- Nearest city: Bragança, Pará
- Coordinates: 0°54′01″S 46°43′20″W﻿ / ﻿0.900362°S 46.722265°W
- Area: 42,069 hectares (103,950 acres)
- Designation: Extractive reserve
- Administrator: Chico Mendes Institute for Biodiversity Conservation

= Caeté-Taperaçu Marine Extractive Reserve =

Protected area in Pará, Brazil

The Caeté-Taperaçu Marine Extractive Reserve (Reserva Extrativista Marinha de Caeté-Taperaçu) is a coastal marine extractive reserve in the state of Pará, Brazil.

==Location==

Conservation units northeast of Belém
15. Caeté-Taperaçu Marine Extractive Reserve

The Caeté-Taperaçu Marine Extractive Reserve is in the municipality of Bragança, Pará.
It has an area of 42069 ha.
The reserve protects the coasts and inlets of the two peninsulas on either side of the Baía do Maiaú, and extends up the Caeté River to the town of Bragança.
It adjoins the Tracuateua Marine Extractive Reserve to the west and the Araí-Peroba Marine Extractive Reserve to the east.

==Environment==

The land is very flat, and almost all the reserve is subject to salt water flooding.
Average temperature is 26 C.
Average annual rainfall is 2756 mm.
24000 ha of the reserve consists of mangroves, while the remainder consists of estuaries, beaches, islands, dunes, saline grasslands and other coastal environments.
The reserve has large tracts of well-preserved mangroves.
There are many coastal, marine and shore birds and many small and medium-sized mammals and reptiles.

==Economy==

There are three communities within the reserve, occupying an area of about 80 ha with about 700 families.
About 5,000 families use the natural resources of the mangroves, including crabs, various species of sea fish, estuarine shrimp, clams, fruit and other mangrove products.
The Jabuti archaeological site has Terra preta soil from pre-historic farming, and ceramic remains with an estimated age of 2,300 years.

==History==

The Caeté-Taperaçu Marine Extractive Reserve was created by federal decree on 20 May 2005 to protect livelihoods and ensure the use and conservation of renewable natural resources traditionally used by the resident population.
It is administered by the Chico Mendes Institute for Biodiversity Conservation (ICMBio).
It is classed as IUCN protected area category VI (protected area with sustainable use of natural resources).
An extractive reserve is an area used by traditional extractive populations whose livelihood is based on extraction, subsistence agriculture and small-scale animal raising.
Its basic objectives are to protect the livelihoods and culture of these people and to ensure sustainable use of natural resources.

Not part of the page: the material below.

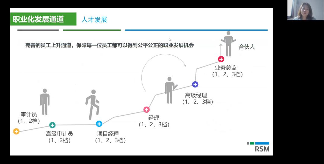 关于人才发展的路径,刘瑞平介绍了会计师事务所审计人员七档发展,从普通审计员到合伙人,完善的员工上升通道,保障每一位员工都可以得到公平公正的职业发展机会。
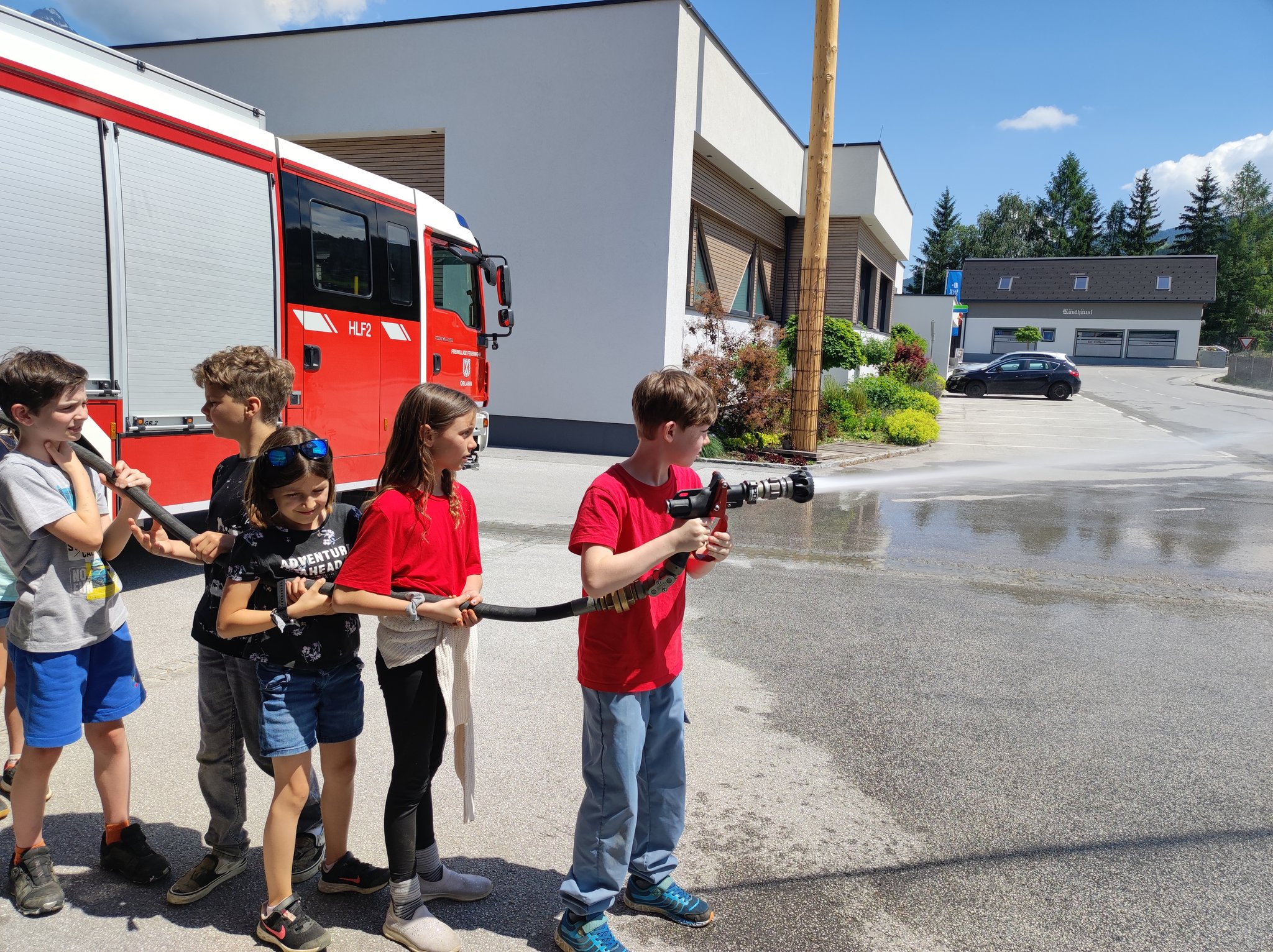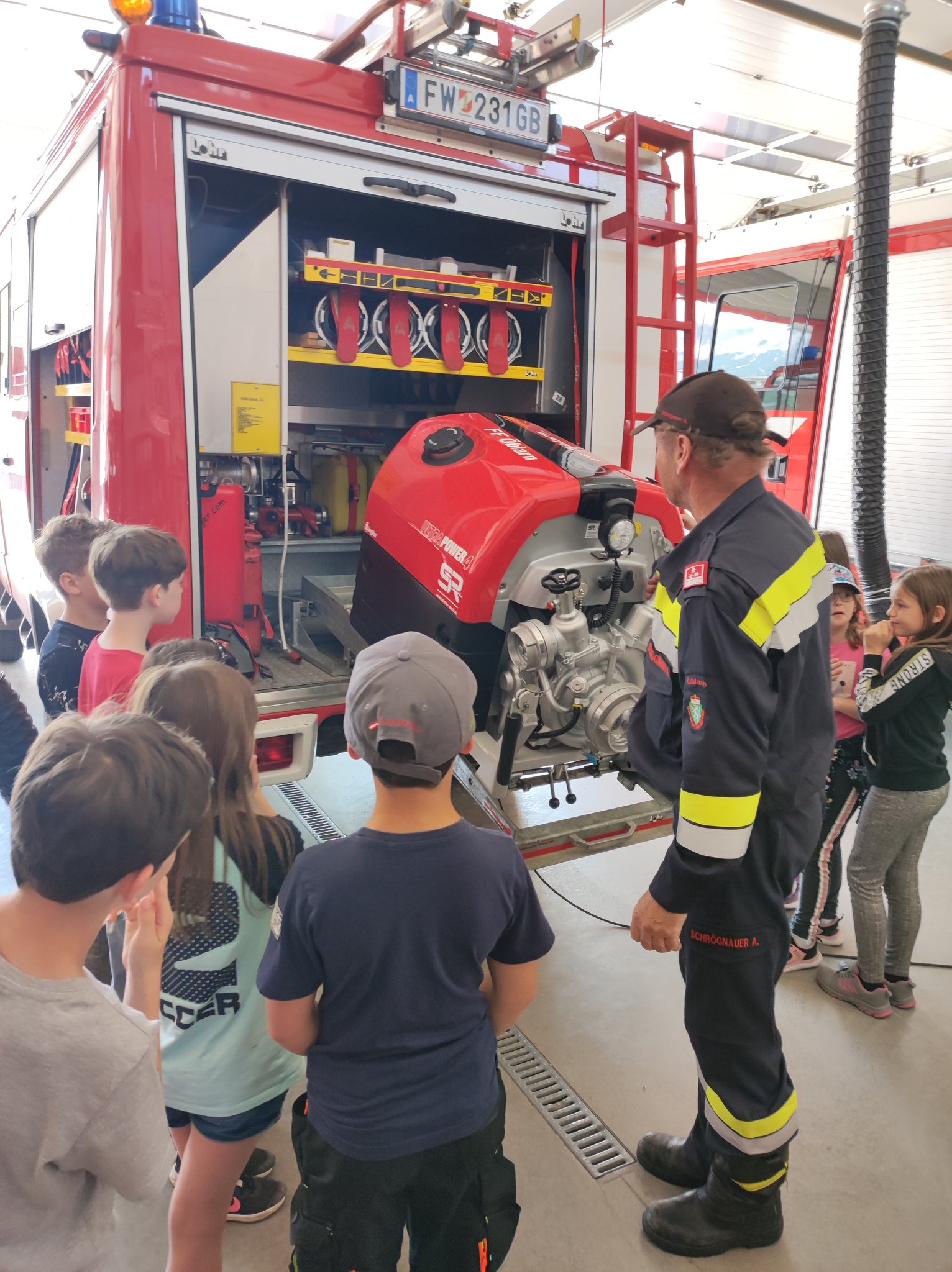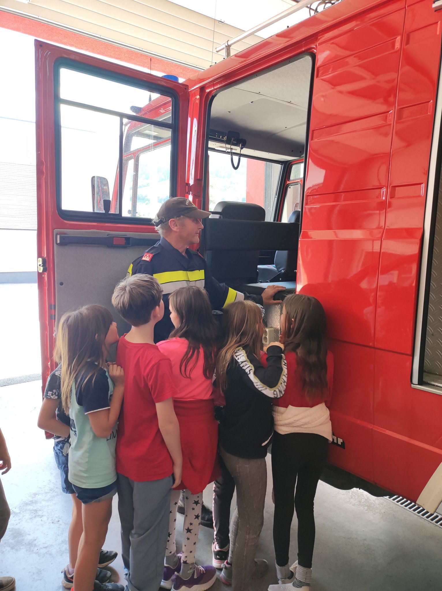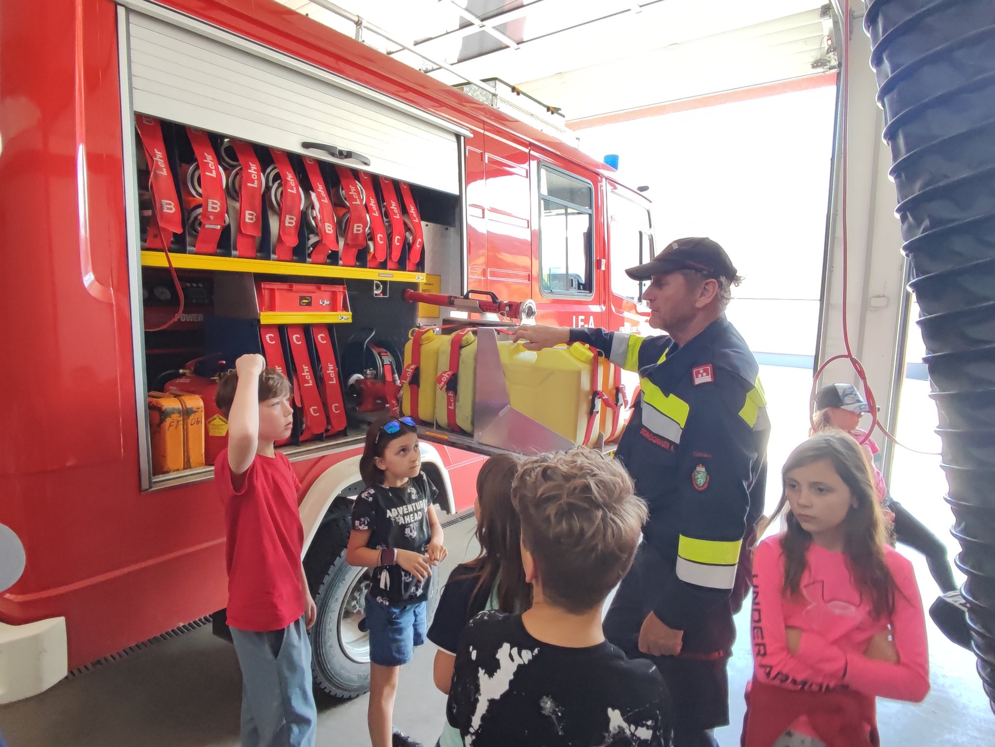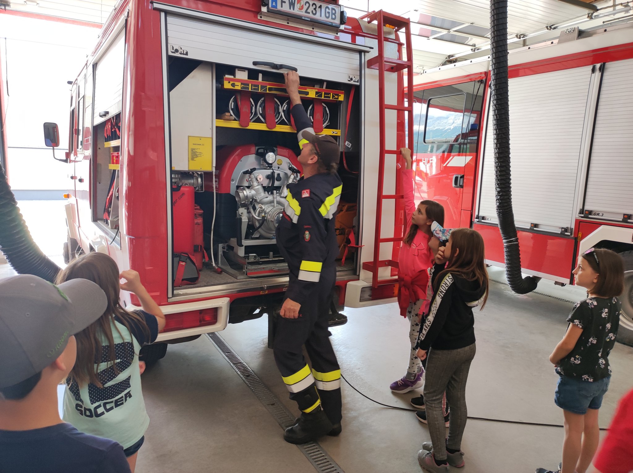 Am Montag, den 12.6., durften die SchülerInnen der 3. Klasse einen Blick in das Rüsthaus der Freiwilligen Feuerwehr Öblarn werfen. Herr Schrögnauer führte die Kinder gekonnt durch das Gebäude und erzählte viel Wissenswertes über die Aufgaben der Feuerwehr. Während die SchülerInnen einen genauen Einblick in das Innere der Einsatzfahrzeuge bekamen, konnten auch Atemschutzmasken, Gurte und das Tragen der Sauerstoffflaschen ausprobiert werden. Zum Schluss des interessanten Lehrausganges durften die Kinder auch noch mit dem Schlauch hantieren. Das machte natürlich sehr viel Spaß! Zu guter Letzt wurden die SchülerInnen auch noch mit dem Einsatzfahrzeug zur Schule gebracht. Herzlichen Dank dafür!

The reserve was recognised by the Instituto Nacional de Colonização e Reforma Agrária (INCRA: National Institute for Colonization and Agrarian Reform) on 29 November 2005 as meeting the needs of 3,000 families of small rural producers, who would qualify for PRONAF. This was adjusted to 5,000 families on 5 January 2009.
The deliberative council was created on 24 September 2007.
On 28 September 2011 ICMBio assigned the right of use for fifty years to the users' association of the reserve.
The management plan was approved on 13 December 2013.